Quote:We have 19 smarties in a bag left. 6 spills on the floor. What are the chances of 4 out of that 6 being blue, if there were 2 red 6 blue 5 brown 3 yellow and 3 green in the bag?
SassuWunnu:We have 19 smarties in a bag left. 6 spills on the floor. What are the chances of 4 out of that 6 being blue, if there were 2 red 6 blue 5 brown 3 yellow and 3 green in the bag?
CPhill:I'm not a probability "guru," but I believe that we are just counting "sets" of things. (BTW...the marbles could have hit the ground one by one, but maybe not....maybe 6 of them (or any subset of such) struck the ground almost simultaneously !!!........ )
So, the total number of "sets" that we could have (the sample space) is just C(19, 6).

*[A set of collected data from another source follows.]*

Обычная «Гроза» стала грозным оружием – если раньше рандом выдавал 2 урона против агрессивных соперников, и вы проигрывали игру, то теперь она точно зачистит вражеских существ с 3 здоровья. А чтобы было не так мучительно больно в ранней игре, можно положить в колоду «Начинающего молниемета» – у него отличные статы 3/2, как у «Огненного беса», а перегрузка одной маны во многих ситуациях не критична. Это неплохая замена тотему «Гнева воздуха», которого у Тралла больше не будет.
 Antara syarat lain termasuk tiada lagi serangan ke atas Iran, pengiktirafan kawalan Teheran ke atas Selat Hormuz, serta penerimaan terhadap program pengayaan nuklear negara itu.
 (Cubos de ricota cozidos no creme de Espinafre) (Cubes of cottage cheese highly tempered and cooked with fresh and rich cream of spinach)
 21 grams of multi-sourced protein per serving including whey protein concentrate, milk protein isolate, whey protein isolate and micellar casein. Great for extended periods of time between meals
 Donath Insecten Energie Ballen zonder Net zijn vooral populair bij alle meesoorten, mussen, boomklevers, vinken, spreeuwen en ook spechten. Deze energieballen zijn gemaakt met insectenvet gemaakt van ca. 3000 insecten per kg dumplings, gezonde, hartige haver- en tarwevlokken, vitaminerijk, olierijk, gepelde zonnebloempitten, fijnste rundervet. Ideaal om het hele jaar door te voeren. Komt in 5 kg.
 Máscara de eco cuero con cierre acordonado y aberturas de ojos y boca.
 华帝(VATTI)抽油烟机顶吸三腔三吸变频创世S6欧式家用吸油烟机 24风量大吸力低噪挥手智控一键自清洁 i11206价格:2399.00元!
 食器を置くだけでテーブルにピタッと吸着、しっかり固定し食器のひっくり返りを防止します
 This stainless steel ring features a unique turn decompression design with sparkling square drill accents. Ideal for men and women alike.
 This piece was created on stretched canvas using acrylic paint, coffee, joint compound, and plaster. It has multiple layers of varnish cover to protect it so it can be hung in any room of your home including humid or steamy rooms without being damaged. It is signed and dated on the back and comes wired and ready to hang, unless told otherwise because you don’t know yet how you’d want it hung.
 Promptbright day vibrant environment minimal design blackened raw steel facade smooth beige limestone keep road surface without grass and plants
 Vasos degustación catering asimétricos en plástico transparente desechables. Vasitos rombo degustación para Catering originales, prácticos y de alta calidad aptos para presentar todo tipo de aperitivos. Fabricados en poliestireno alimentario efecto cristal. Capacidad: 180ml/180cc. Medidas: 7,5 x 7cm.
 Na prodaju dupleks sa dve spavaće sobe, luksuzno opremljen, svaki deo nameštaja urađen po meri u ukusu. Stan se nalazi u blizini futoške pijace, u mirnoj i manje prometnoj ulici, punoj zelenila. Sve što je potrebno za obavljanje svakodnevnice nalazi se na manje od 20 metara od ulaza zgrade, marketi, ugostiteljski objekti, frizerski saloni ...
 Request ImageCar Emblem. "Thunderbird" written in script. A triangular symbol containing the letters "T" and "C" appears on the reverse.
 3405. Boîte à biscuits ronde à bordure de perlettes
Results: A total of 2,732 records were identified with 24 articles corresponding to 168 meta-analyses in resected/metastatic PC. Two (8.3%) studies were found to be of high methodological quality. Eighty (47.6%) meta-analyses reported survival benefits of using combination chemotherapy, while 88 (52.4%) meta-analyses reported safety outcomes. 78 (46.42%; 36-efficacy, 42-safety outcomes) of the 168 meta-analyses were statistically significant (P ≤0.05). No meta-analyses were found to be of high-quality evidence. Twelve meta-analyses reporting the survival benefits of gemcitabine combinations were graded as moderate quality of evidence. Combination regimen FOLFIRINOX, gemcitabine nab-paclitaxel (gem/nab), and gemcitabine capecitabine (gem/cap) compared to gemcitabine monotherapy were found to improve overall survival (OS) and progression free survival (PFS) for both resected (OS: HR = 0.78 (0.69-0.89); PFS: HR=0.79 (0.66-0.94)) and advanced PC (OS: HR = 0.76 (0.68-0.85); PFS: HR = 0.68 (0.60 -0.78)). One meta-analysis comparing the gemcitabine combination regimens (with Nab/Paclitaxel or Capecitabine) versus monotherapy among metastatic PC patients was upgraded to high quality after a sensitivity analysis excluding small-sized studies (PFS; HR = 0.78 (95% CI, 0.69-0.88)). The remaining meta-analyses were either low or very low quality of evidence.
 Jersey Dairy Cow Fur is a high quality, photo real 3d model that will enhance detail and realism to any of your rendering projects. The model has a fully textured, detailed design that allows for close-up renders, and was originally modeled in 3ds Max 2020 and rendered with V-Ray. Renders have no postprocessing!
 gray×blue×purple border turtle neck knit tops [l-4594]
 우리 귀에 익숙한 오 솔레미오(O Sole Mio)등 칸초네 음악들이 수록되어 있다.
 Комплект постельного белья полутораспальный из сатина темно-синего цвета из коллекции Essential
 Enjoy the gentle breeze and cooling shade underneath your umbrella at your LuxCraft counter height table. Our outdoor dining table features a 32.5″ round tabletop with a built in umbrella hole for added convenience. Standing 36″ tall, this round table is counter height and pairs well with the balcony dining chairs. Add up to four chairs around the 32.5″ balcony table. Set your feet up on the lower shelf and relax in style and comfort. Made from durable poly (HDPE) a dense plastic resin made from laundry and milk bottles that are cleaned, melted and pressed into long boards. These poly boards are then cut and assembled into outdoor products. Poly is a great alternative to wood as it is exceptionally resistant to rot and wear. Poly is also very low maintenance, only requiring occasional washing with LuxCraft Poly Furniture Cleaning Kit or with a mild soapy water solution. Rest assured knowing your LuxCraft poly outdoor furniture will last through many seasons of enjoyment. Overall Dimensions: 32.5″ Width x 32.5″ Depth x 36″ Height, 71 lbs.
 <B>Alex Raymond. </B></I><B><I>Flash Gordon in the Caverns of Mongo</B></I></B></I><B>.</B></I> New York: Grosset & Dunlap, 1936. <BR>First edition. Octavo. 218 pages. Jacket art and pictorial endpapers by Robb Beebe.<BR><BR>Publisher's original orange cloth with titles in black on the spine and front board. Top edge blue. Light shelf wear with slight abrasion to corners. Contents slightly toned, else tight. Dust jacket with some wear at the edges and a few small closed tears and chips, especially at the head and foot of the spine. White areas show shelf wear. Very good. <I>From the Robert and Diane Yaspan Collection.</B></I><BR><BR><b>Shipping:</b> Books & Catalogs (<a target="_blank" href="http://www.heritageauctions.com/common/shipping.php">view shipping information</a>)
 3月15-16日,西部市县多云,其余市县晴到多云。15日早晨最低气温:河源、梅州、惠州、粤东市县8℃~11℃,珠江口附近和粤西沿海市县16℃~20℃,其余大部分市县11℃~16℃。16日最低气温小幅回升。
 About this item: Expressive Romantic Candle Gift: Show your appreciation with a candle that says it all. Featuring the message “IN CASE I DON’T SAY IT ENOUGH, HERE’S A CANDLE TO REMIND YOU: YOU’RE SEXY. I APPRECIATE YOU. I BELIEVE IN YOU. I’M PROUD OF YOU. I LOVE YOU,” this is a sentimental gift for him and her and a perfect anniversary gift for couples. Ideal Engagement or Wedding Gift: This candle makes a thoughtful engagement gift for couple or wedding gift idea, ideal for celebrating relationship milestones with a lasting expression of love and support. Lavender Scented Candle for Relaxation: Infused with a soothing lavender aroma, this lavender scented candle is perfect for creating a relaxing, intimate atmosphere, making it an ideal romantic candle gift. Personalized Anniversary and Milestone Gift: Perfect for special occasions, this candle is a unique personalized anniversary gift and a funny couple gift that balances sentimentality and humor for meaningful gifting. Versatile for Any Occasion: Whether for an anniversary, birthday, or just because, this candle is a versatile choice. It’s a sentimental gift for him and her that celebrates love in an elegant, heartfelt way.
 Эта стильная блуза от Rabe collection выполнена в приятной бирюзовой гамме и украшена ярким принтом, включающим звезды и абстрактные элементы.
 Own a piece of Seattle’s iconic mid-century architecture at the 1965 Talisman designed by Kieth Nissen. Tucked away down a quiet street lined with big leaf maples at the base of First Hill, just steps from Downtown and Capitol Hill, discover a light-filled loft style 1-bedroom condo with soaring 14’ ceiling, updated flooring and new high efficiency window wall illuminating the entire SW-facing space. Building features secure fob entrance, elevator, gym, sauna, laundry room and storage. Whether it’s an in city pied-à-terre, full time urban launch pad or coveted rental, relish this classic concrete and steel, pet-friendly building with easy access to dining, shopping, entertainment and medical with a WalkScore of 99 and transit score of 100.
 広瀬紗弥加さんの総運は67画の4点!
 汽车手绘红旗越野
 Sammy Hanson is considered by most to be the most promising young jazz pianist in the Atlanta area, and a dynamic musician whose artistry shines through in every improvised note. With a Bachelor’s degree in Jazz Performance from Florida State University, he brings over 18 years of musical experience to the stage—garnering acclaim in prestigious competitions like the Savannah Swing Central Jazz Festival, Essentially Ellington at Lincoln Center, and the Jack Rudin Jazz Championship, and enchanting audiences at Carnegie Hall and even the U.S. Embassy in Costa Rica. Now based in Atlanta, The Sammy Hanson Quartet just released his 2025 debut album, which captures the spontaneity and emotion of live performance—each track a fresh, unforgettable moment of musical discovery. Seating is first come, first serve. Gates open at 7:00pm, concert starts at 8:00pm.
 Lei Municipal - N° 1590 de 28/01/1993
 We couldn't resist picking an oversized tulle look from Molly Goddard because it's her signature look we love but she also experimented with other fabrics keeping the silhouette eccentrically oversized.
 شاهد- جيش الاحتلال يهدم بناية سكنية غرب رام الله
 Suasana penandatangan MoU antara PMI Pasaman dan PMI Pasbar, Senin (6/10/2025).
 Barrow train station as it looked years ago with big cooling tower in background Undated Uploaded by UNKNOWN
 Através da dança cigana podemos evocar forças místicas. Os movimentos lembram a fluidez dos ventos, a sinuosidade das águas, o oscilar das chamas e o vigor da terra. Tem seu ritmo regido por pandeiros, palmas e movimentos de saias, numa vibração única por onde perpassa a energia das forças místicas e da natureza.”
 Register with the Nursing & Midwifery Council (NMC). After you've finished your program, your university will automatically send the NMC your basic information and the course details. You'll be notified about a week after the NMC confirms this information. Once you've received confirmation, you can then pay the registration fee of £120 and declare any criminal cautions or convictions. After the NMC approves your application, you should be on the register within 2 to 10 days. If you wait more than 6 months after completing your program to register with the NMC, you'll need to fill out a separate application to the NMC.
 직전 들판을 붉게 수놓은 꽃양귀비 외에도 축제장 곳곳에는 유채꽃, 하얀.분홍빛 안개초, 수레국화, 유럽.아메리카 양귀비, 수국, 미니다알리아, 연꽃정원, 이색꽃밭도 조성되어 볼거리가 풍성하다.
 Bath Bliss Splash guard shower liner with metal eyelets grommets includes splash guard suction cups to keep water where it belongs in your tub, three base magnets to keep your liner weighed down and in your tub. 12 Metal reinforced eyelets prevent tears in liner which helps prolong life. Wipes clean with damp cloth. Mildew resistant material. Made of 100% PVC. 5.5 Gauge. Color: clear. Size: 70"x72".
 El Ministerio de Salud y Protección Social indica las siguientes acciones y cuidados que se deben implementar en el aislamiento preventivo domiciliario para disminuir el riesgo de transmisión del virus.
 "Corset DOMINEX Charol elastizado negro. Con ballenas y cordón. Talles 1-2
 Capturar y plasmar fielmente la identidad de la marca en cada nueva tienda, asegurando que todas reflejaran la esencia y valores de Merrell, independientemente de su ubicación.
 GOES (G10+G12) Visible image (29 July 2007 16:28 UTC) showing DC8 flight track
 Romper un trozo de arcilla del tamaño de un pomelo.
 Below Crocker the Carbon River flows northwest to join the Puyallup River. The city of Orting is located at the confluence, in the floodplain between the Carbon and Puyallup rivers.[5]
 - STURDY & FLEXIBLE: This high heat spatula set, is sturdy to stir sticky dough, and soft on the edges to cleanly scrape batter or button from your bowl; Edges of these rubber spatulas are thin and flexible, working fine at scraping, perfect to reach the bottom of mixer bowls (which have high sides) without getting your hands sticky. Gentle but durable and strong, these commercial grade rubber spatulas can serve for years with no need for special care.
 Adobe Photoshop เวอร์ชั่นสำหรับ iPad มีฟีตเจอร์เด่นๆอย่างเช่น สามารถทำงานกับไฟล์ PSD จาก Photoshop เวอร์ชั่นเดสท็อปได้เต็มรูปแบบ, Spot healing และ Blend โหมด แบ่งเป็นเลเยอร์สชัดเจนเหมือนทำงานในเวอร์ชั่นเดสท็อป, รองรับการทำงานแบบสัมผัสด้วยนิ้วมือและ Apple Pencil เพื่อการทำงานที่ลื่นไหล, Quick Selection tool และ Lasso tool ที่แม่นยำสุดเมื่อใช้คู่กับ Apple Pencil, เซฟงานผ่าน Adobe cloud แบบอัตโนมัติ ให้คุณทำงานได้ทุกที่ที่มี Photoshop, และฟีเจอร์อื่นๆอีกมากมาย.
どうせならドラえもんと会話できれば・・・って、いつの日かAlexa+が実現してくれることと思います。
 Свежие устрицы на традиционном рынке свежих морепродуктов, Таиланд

And we're interested in choosing 4 of the 6 blue ones and the other 2 out of the remaining 13.
So we have
C(6 , 4) * C( 13, 2) / C(19, 6)
Which I believe is the same thing that Melody found, so I won't bother with any computations !!!
Anyone else have any thoughts on this one ???
There are usually two methods of solution for his type of problem, a method based on counting, as used by Melody and CPhill, and a basic probability method.
The counting method has already been discussed, so here is the probability method.
Suppose that the six smarties fall in the sequence BBBBOO, where B represents a blue smartie and O one of the other colours.
The probability of that sequence happening will be
(6/19)*(5/18)*(4/17)*(3/16)*(13/15)*(12/14).
If you consider any other sequence consisting of four blues and two others, the individual fractions will be different but the combined top and bottom lines will be the same.
So, for example, if the sequence happened to be OBBOBB, the probability would be (13/19)*(6/18)*(5/17)*(12/16)*(4/15)*(3/14).
Different fractions, but the combined top line is still 13*12*6*5*4*3 and the bottom line 19*18*17*16*15*14.
So, the overall probability will be this probability multiplied by the number of possible sequences consisting of four blues and two others, that is,
(6/19)*(5/18)*(4/17)*(3/16)*(13/15)*(12/14)*6C4 = 0.0028748*15 = 0.0431(4dp).